_Exercise_
Give again, word for word, the lines below that run from the line with "Figure 7 illustrates" through the line with "Current AQHI |". Drop the pictures.

_Exercise input_
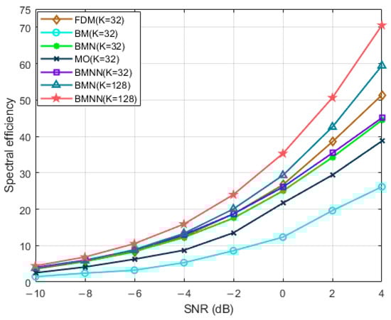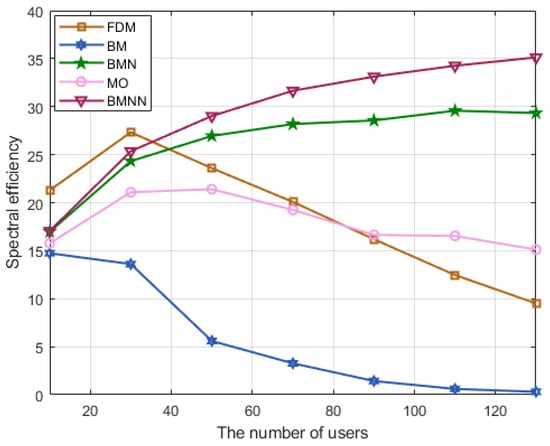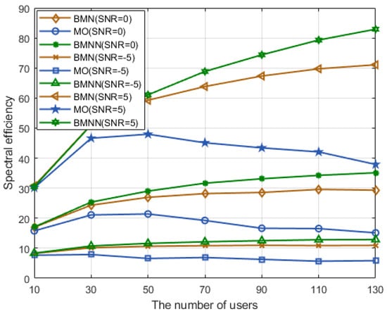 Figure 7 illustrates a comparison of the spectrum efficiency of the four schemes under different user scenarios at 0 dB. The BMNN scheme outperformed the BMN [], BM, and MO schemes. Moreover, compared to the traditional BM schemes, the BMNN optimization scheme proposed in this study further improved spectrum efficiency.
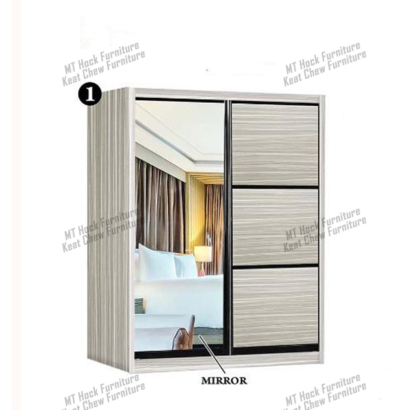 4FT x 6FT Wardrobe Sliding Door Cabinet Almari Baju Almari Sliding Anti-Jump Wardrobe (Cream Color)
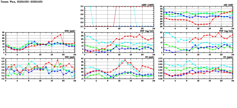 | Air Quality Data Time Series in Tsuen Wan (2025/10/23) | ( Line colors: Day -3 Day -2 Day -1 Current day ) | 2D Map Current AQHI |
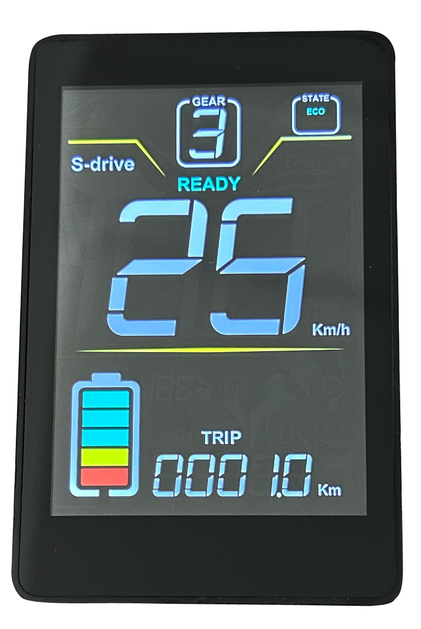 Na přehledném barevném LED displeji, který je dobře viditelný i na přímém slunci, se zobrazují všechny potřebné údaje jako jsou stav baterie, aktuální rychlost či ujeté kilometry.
* * *
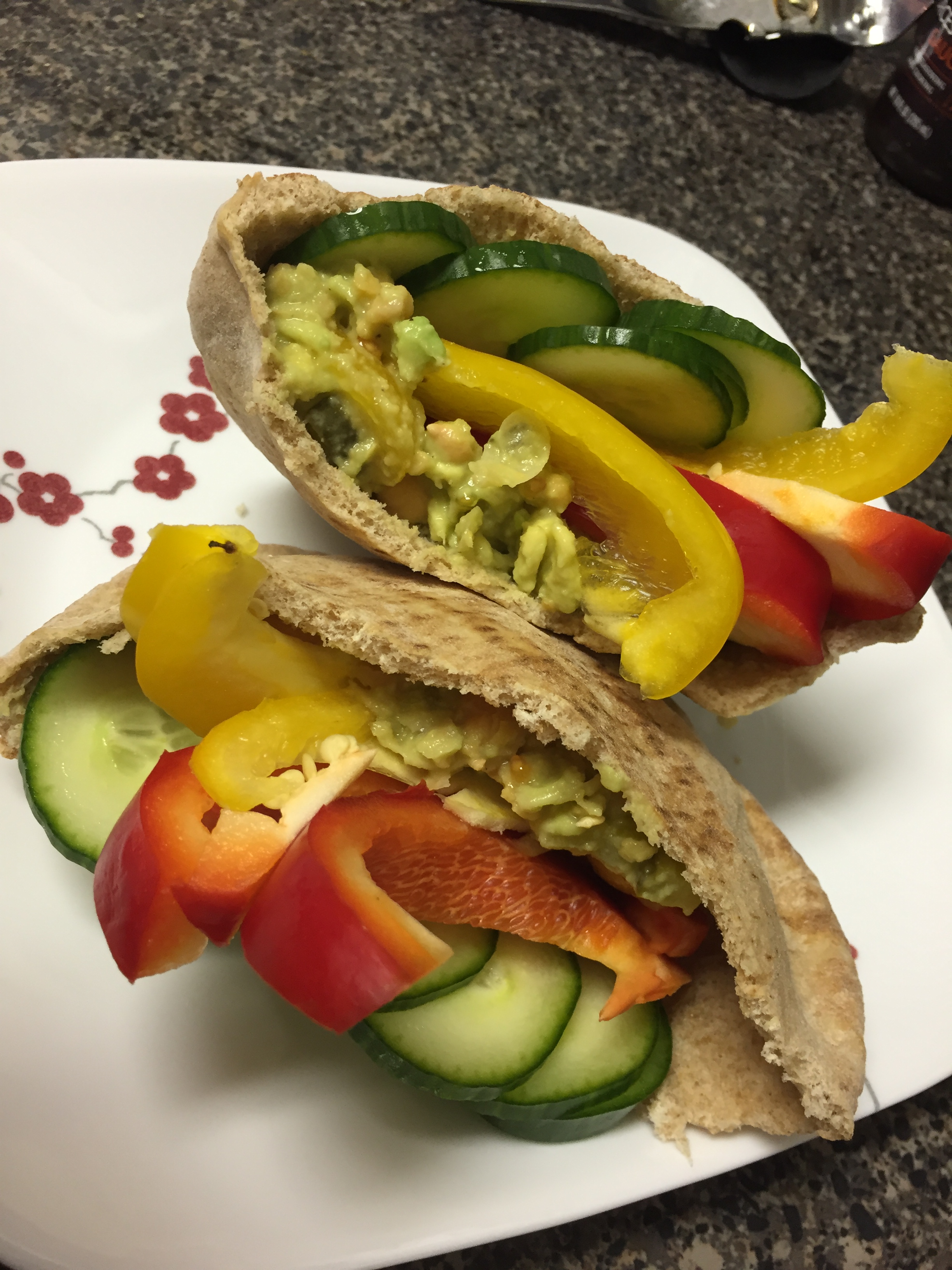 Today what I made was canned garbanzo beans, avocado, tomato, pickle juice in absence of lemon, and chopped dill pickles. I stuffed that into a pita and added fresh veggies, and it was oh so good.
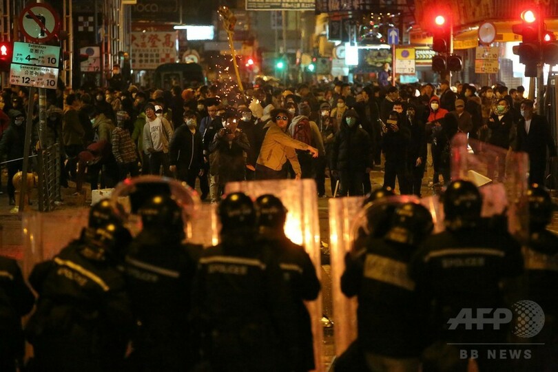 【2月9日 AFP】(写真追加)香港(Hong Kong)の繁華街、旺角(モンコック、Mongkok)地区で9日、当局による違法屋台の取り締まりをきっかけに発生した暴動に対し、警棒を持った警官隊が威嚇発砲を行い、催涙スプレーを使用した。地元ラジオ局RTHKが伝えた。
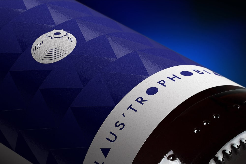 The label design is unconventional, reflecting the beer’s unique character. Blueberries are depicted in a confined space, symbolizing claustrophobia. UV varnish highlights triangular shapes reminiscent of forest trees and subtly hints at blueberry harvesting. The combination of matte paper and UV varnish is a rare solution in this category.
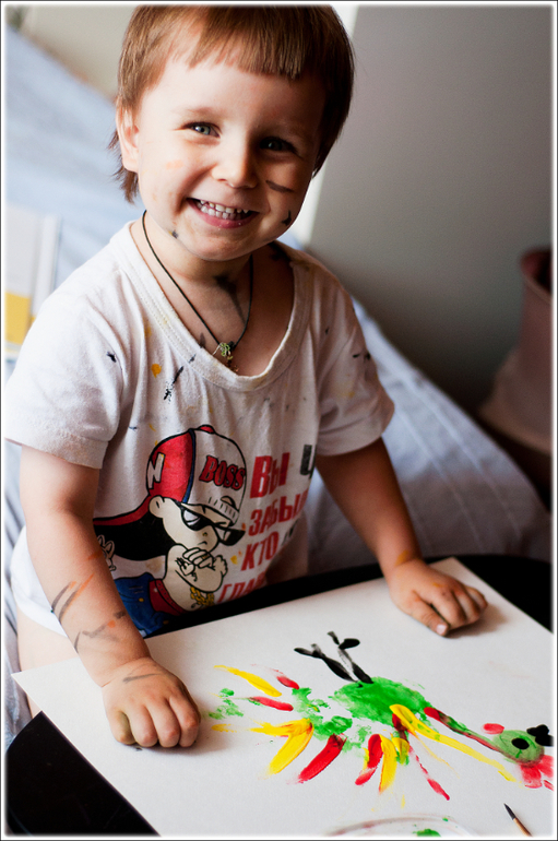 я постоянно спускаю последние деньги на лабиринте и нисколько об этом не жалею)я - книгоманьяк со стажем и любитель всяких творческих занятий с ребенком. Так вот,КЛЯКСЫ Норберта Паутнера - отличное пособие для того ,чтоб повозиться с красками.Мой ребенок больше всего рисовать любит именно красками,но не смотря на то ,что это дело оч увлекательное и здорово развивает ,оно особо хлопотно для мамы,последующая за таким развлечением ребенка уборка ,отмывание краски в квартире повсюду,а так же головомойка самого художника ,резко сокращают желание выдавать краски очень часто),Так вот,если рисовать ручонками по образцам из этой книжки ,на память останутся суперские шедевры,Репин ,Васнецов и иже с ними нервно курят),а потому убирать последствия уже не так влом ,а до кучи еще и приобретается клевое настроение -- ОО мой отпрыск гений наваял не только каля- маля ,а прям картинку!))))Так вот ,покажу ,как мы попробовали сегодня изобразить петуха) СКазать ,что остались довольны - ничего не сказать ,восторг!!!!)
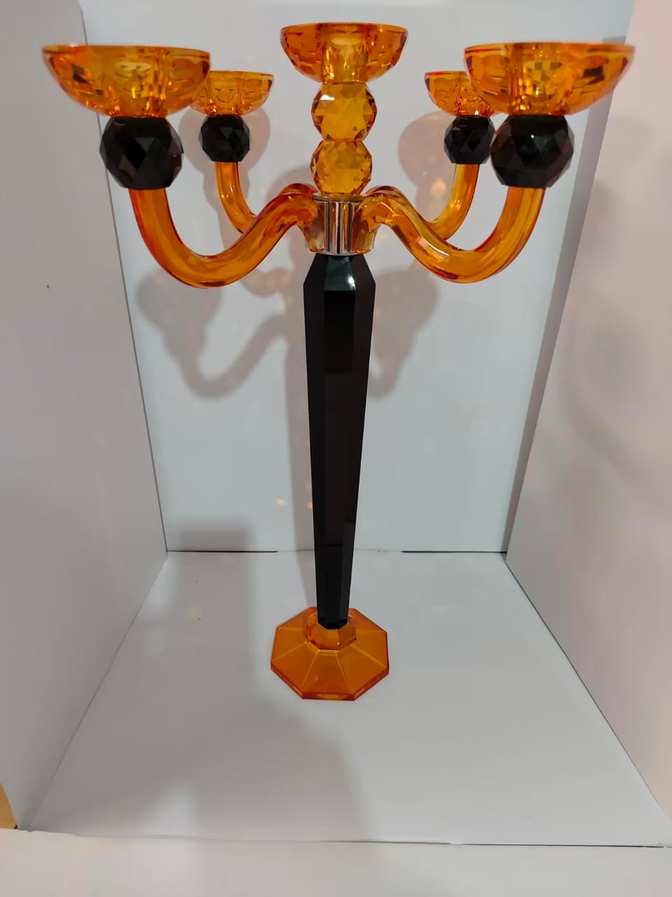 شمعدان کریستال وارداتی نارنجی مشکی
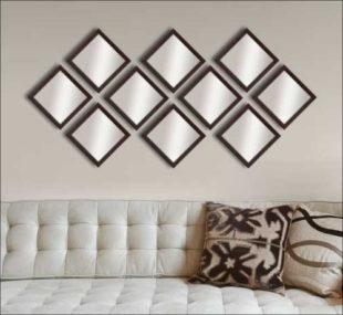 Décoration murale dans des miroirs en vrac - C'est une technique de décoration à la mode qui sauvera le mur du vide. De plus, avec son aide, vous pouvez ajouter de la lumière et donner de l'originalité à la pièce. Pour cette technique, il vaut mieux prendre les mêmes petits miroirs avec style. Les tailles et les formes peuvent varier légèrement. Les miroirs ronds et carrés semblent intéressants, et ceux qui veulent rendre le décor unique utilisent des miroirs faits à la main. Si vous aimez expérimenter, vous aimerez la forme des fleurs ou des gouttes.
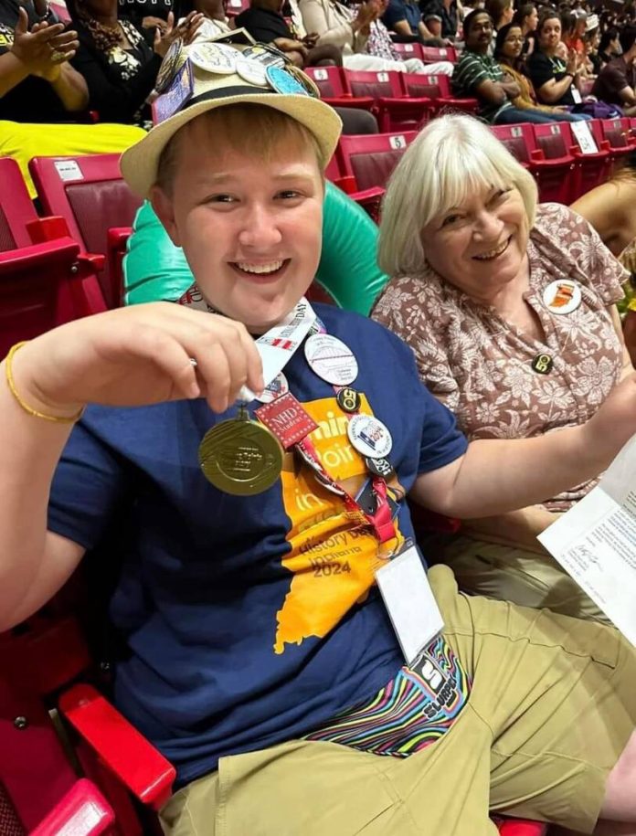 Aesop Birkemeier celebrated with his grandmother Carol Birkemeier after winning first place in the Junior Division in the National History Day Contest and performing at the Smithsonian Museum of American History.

_Solution below_
 Figure 7 illustrates a comparison of the spectrum efficiency of the four schemes under different user scenarios at 0 dB. The BMNN scheme outperformed the BMN [], BM, and MO schemes. Moreover, compared to the traditional BM schemes, the BMNN optimization scheme proposed in this study further improved spectrum efficiency.
 4FT x 6FT Wardrobe Sliding Door Cabinet Almari Baju Almari Sliding Anti-Jump Wardrobe (Cream Color)
 | Air Quality Data Time Series in Tsuen Wan (2025/10/23) | ( Line colors: Day -3 Day -2 Day -1 Current day ) | 2D Map Current AQHI |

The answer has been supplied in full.